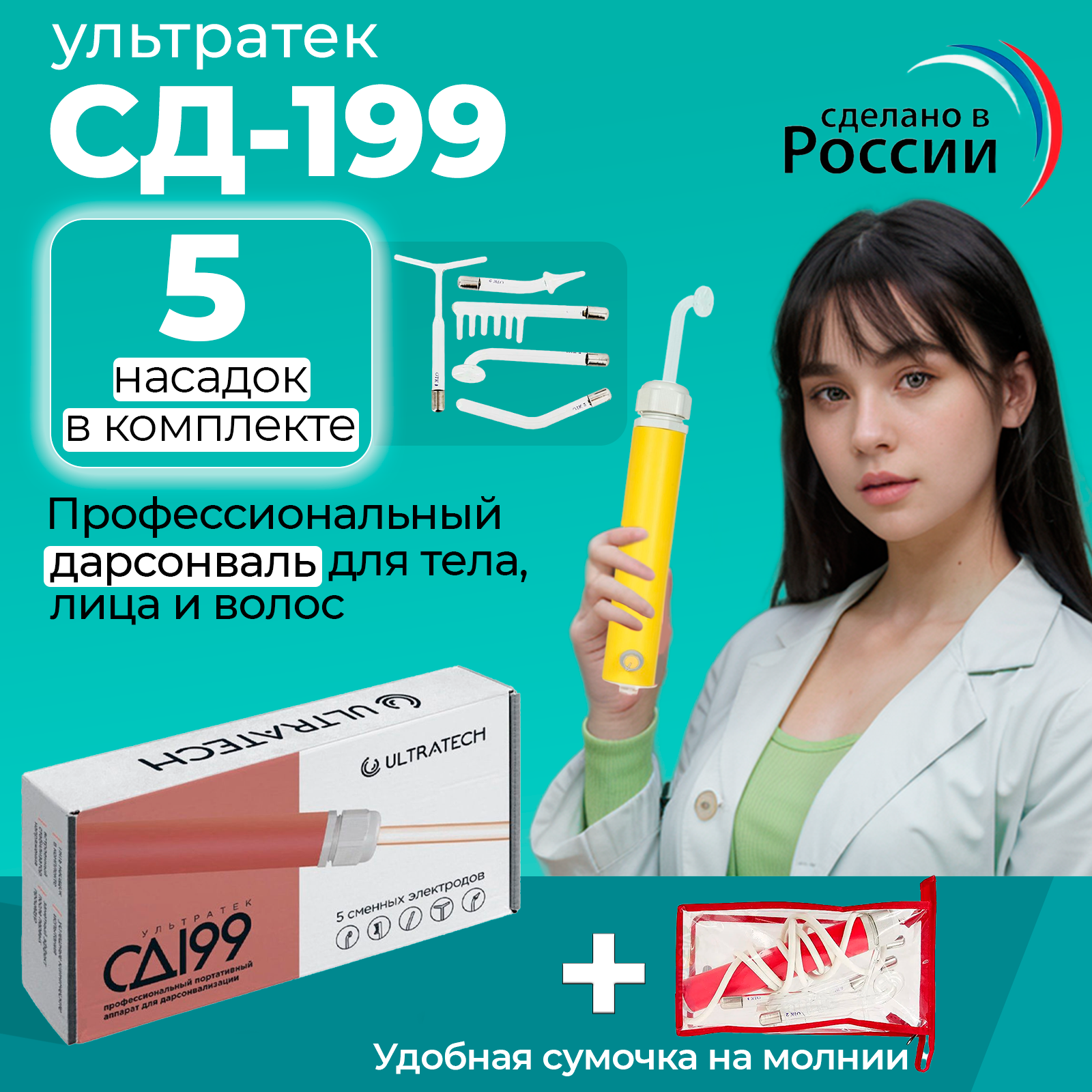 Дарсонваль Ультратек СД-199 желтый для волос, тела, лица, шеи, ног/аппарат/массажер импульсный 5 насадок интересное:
· · ·
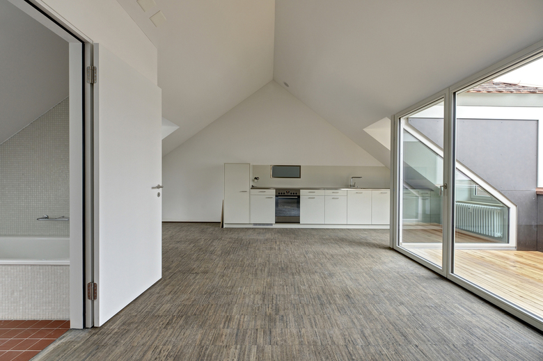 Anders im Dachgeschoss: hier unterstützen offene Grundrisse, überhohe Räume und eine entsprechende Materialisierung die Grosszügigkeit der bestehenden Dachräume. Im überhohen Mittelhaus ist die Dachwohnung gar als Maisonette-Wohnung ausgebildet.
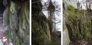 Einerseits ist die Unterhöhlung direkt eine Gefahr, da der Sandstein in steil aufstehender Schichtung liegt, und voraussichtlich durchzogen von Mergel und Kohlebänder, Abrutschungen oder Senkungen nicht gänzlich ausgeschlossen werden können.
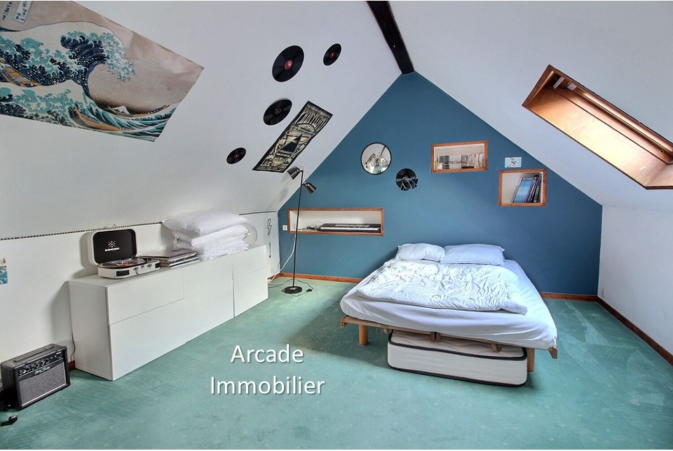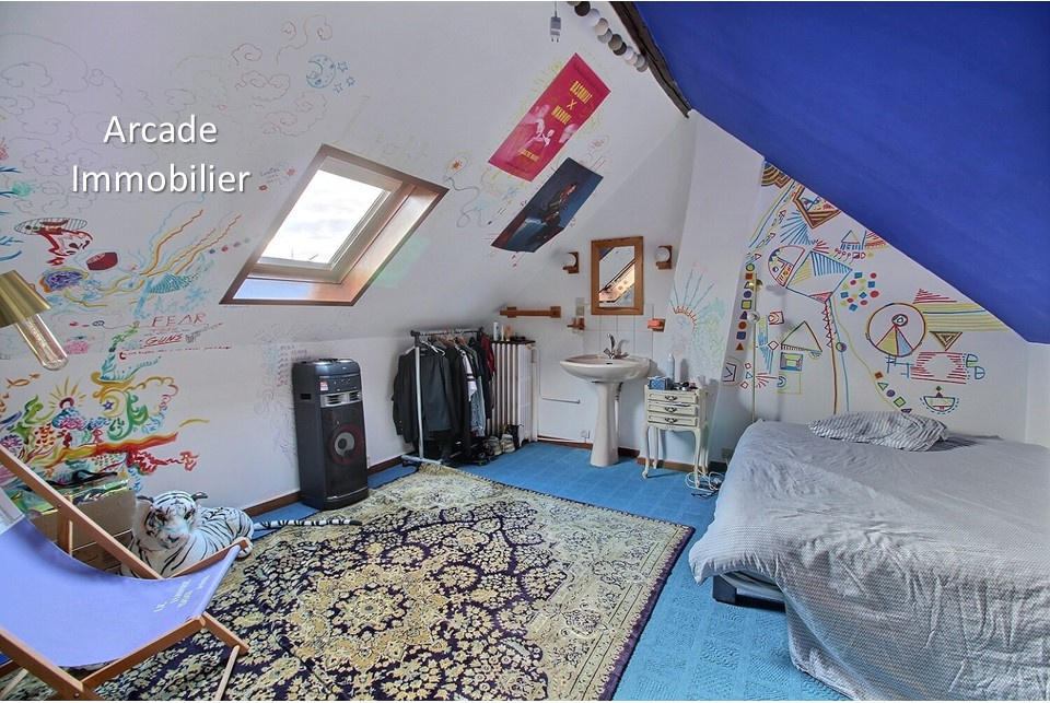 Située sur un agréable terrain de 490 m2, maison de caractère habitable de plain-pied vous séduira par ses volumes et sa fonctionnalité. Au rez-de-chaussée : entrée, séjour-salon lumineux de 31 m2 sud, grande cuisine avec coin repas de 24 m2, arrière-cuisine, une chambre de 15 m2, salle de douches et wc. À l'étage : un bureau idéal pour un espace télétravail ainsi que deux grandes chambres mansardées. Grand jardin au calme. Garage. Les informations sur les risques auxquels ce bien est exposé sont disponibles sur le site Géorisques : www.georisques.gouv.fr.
· · ·
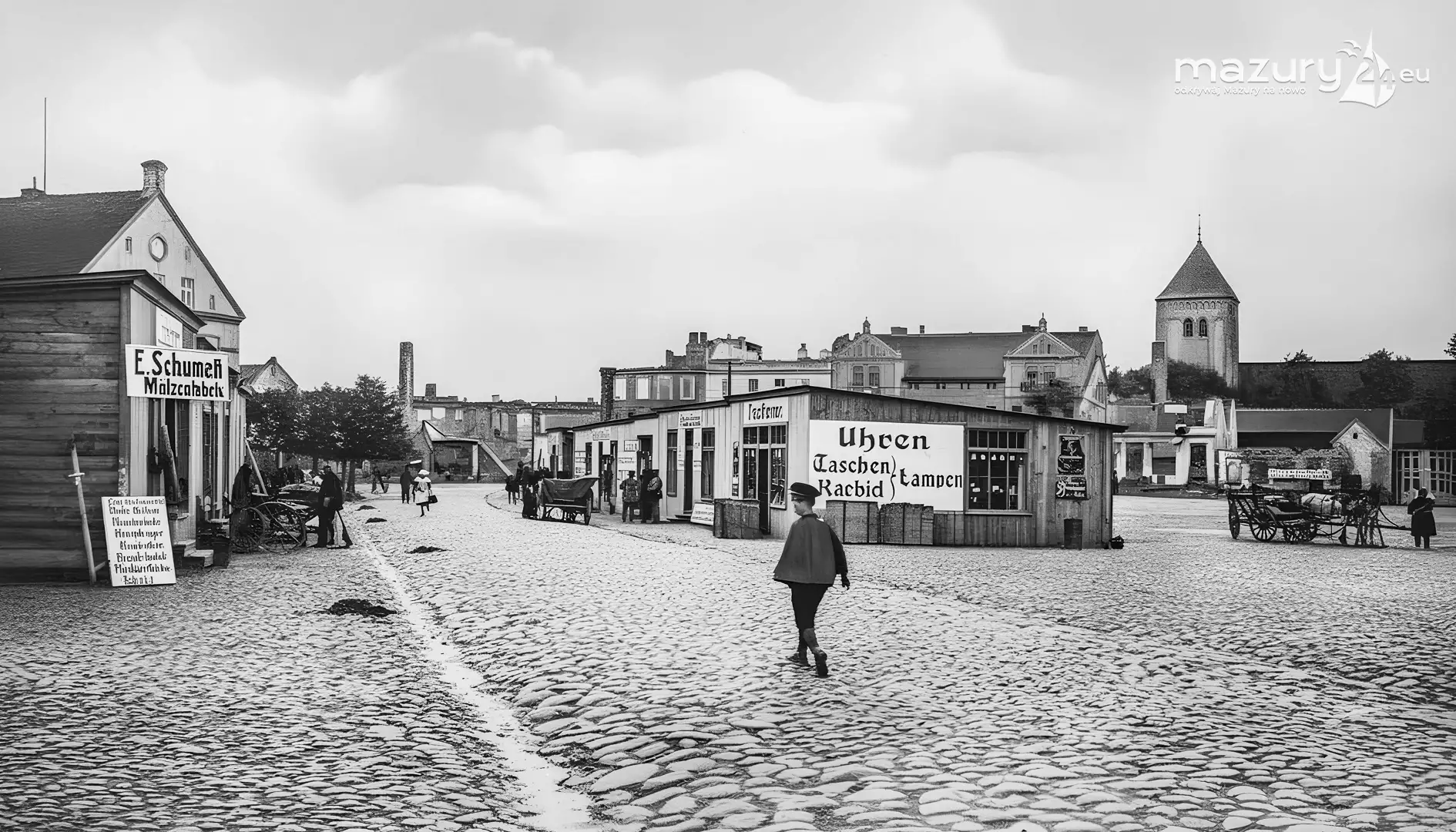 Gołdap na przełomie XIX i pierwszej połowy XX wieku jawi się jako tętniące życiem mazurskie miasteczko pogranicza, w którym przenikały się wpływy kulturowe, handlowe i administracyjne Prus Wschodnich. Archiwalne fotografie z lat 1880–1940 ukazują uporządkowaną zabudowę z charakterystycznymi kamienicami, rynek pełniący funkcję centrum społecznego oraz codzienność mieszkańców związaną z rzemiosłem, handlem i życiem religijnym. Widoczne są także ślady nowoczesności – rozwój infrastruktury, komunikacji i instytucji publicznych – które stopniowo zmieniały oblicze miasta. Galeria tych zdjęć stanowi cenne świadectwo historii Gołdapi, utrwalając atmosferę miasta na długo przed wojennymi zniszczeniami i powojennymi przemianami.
· · ·
» ACTION ITEM
Using the data above, set down each line from the line with "Anders im Dachgeschoss: hier" to the line with "Einerseits ist die" exactly, both ends included, and leave the pictures behind. Nothing else belongs.

» RESULT FOR THIS TASK
 Anders im Dachgeschoss: hier unterstützen offene Grundrisse, überhohe Räume und eine entsprechende Materialisierung die Grosszügigkeit der bestehenden Dachräume. Im überhohen Mittelhaus ist die Dachwohnung gar als Maisonette-Wohnung ausgebildet.
 Einerseits ist die Unterhöhlung direkt eine Gefahr, da der Sandstein in steil aufstehender Schichtung liegt, und voraussichtlich durchzogen von Mergel und Kohlebänder, Abrutschungen oder Senkungen nicht gänzlich ausgeschlossen werden können.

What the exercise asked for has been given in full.